My Celebrate Recovery Testimony
– Updated 6/6/2018
Hi. I’m Karen. A very grateful believer in Jesus who has been dramatically changed because of a program called Celebrate Recovery.
Before hearing of Celebrate Recovery, I was a mess. A mess primarily on the inside. On the outside I appeared to be a strong Christian woman who served as a leader and as a pastor. I wore a fake smile and hated myself all at the same time. I was the self-righteous type. A Pharisee of all Pharisees. Pretending I had everything together when in fact my world had fallen apart. I was a good kid, got good grades, and lived a pure lifestyle. But miserable. And it all started when I was just a small little Karen.
I was a church kid my whole life. I always knew the Trinity and knew all the Bible Stories. I never moved from my childhood home until I got married. I didn’t go to college. I went straight to work after I graduated High School.

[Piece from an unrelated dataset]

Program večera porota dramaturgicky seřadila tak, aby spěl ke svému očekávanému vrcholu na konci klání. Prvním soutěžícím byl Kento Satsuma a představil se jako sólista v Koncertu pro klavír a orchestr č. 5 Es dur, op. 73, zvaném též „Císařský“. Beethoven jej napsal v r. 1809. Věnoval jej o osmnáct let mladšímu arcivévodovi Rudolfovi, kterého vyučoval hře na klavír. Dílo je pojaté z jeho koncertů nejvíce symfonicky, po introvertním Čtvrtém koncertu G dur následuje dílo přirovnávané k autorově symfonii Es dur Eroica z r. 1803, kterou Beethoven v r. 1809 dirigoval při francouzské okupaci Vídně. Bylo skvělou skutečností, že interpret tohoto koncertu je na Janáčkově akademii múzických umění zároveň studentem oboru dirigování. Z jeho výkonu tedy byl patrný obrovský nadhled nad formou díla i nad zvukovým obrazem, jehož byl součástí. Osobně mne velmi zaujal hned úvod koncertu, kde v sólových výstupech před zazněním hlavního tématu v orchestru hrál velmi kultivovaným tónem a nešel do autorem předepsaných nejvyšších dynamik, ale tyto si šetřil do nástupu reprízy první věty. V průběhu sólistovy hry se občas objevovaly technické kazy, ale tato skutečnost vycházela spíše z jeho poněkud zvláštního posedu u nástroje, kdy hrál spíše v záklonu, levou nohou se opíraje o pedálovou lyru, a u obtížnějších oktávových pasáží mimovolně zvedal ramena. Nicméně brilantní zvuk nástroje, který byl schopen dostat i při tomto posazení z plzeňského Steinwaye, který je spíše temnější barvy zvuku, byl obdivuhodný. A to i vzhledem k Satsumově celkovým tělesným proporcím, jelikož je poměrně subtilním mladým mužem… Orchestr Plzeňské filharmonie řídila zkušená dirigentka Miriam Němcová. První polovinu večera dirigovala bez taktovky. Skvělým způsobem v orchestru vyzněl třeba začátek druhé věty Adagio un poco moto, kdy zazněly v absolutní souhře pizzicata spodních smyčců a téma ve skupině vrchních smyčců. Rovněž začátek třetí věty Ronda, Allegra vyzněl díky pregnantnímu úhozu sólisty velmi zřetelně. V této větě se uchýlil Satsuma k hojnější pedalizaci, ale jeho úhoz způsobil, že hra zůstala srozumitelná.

While living in this same house, I was abused by my father in so many ways. My childhood was not ideal. It was down-right dysfunctional. Years of emotional, verbal, and sexual abuse wore me down to nothingness. I only knew my dad as manipulative, secretive, scary, and controlling. My mom on the other hand was very submissive. Her submission created an environment of “do whatever it takes to make dad happy.”

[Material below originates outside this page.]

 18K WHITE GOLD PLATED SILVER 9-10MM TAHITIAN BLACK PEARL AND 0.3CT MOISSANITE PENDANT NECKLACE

I grew up very fearful of this man. I was afraid from the moment I fell asleep til the moment I woke up in the morning. He was my monster. Not the typical closet-monster that most kids have. The fear of my dad was physical, emotional, and psychological.
From a very young age until I was 15 I recall being fondled by him on a regular basis and naptimes with him were a requirement. I would lay there motionless hoping it would end faster. I would mentally “check-out”.
I never spoke of this abuse to anyone. I was too afraid of my dad to ask for help. At the same time, I desired my dad’s attention. I would watch sports with him and cheered on his favorite teams in order to gain his affection. Anything to make him happy and not the angry monster he typically was. So I learned to be the “good child” and to do everything perfectly. This created my roots of perfectionism and co-dependency.
I ran to food as my lord for comfort as a way to cope from abuse. Food made me feel good. Food made my heart “ache” less. Food was my escape. Over time my love for food got twisted when I was mocked for hiding food and gaining weight. One example of this is when I was a very young child, maybe 7 years old, I recall hording an entire bag of miniature chocolates. My brother found them and mocked me endlessly about it and about my weight. So I began to obsess about my weight. At times I would starve myself and diet in very unhealthful ways. I would even use spiritual “fasting” to cover up my anorexia thoughts. Food consumed my thoughts 24/7. Obsessed to want to eat and binge; obsessed to starve to lose weight. A vicious cycle full of shame.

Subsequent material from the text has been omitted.